На «Малышкин первый день зимы» Мадлен сидела перед телевизором, по которому шла «Рождественская песня», а потом смотрела, как мой брат, изображая джентльмена викторианской эпохи, прицепил себе бакенбарды. Он не пользовался карнавальным набором, а просто прилепил два куска сырого бекона вдоль челюсти, и там они чудесным образом висели несколько минут, поскольку жир приклеился к коже. Потом Пол достал лестницу и развесил рождественские гирлянды с лампочками по фасаду дома. Они тоже оказались недолговечными, и, как только были сделаны снимки, лампочки начали перегорать и падать в кусты. Малышка, разумеется, знала, что она получит. Подарки вручались сразу же, по приходу Пола из магазина. «Малышкина первая книжка игрушка», «Малышкина первая говорящая кукла». Среди подарков была фонетическая игрушка под названием «Учим азбуку вместе». Нажимаешь, к примеру, букву «П», и машина вслух произносит название буквы. Нажимаешь «П», потом «А», потом опять «П», и она соединяет буквы в неуклюже произнесенный слог «Пе-Аа-Пе». Голос у машины механический, она слишком сложная для ребенка возраста Мадлен. Девочка не хотела иметь с ней ничего общего, так что к рождественскому утру машина превратилась в игрушку моего брата. Он твердо решил заставить ее ругаться, но «Учим азбуку вместе» – машина хитроумная и благопристойная. Она быстро разобралась, куда он клонит. «М-а-т-ь» набирается нормально, но попробуй вслед за этим набрать «т-в-о-ю», и машина уже на второй букве захихикает и натуральным голоском маленькой девочки выскажет все, что она о тебе думает: «Ха, ха, ха, ха. Ты дурачок! «
– Ее даже «хрен» сказать не заставишь, – возмущается Пол, – а это же, черт возьми, овощ.
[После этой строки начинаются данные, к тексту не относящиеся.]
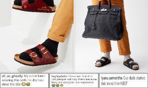 4."Birkinstocks": 고가의 Hermes Birkin 가방을 재활용하여 만든 샌들로, 럭셔리 아이템에 대한 소비 문화를 풍자합니다.
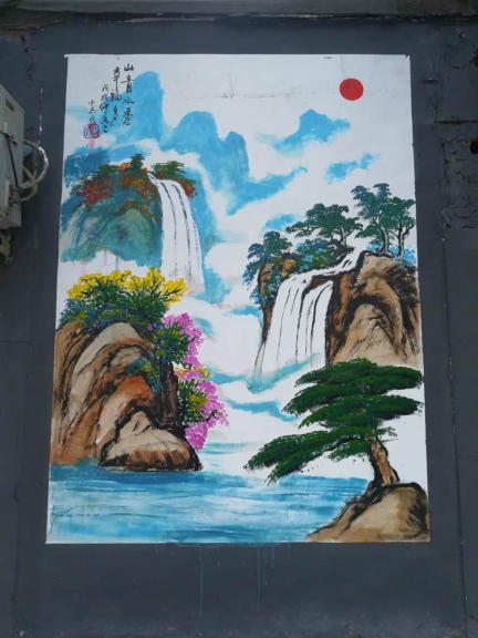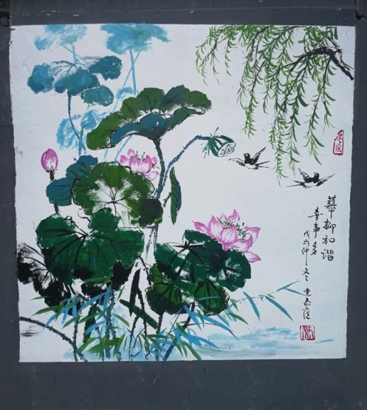 兩幅墻體彩繪,使普通而老舊的墻壁變成了一道靚麗的“文化風(fēng)景”,以一種清新、典雅的形式,扮靚著城市。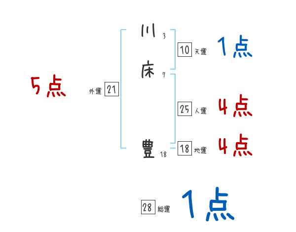 総運![]() | 川床豊さんの総運は28画の1つ星!家庭環境に注意。スポーツで活躍できる能力があるかも。 あなたの人生を表す1番重要な運勢です。生涯を通じて影響する総合運となり、主に50歳以降の晩年期に影響を及ぼします。 |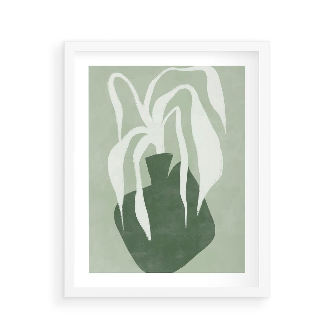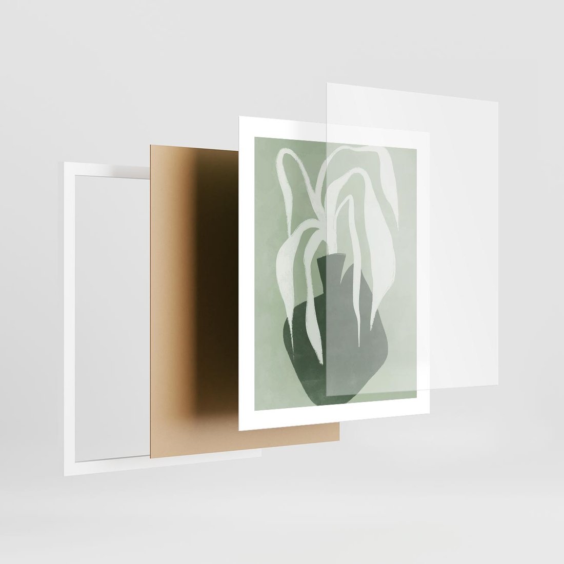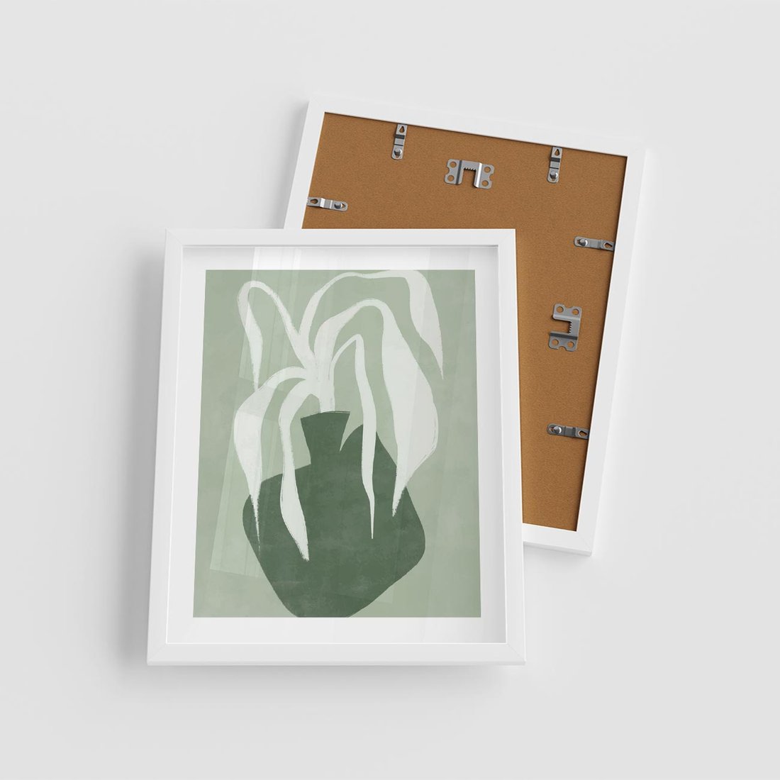Zielona abstrakcja o zgaszonych odcieniach zieleni to minimalistyczny plakat idealny do wnętrz w stylu skandynawskim. Kwiat w doniczce dodaje subtelności i harmonii, tworząc spokojną i przyjemną atmosferę.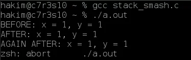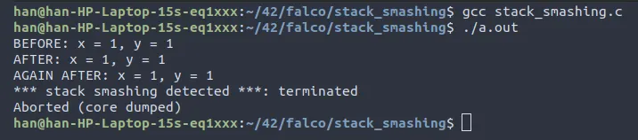 스택에 선언한 메모리의 범위를 벗어나는 접근을 하게 되면 stack smashing detected라는 에러가 발생합니다. (저는 ubuntu에서 테스트 했습니다.)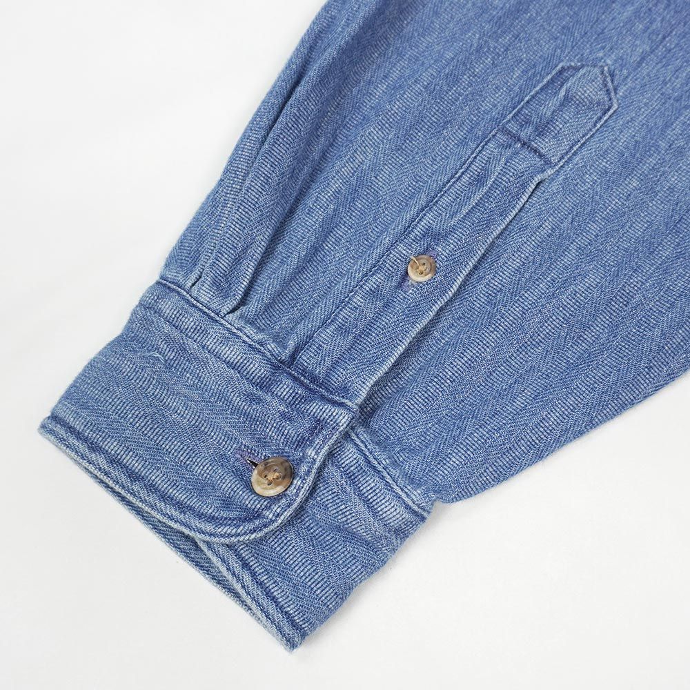 ストライプ柄のインディゴデニムをオーセンティックなボタンダウンシャツに仕立てた、非常に珍しい仕様の一枚。

По состоянию здоровья моей невестке надо спать всю ночь, поэтому, когда Мадлен просыпается в два и в три часа ночи, а потом в пять утра, Полу приходится ее кормить и переодевать, а еще носить на руках по всему дому, упрашивая сменить гнев на милость. Ложиться в постель бессмысленно, поэтому он швыряет свои подушки из комнаты в комнату и валится на пол перед детской кроваткой или перед креслом-качалкой в столовой. Когда последняя из моих сестер отправляется на боковую, он набирает мой номер и подносит трубку к ротику малышки. Целыми месяцами я слушал ее плач по междугородке, но потом она подросла, научилась смеяться, ворковать, вздыхать с особой детской интонацией, и, слушая ее, я начинаю понимать, как некоторые люди решаются привести младенца в наш паршивый мир.
– Рано или поздно она разберется, что к чему, – говорит отец. – Подожди еще. Через пару лет Мадлен и знать его не захочет.
Я заглядываю в будущее и вижу лицо моего бра та, невыносимо повзрослевшее. Дочь отвергла все его ценности и теперь стоит на подиуме одного из престижных университетов – выпускница, готовящаяся произнести прощальную речь. Что она подумает, когда ее папаша появится посреди прохода, захрюкает, как боров, и задерет майку, демонстрируя надпись на трясущемся голом пузе? Отвернется ли она, как предсказывает мой отец, или вспомнит ночи, когда просыпаясь, она видела его рядом – этого жлоба, этого увальня, дурацкую слюнявую игрушку, спящую у ее ног.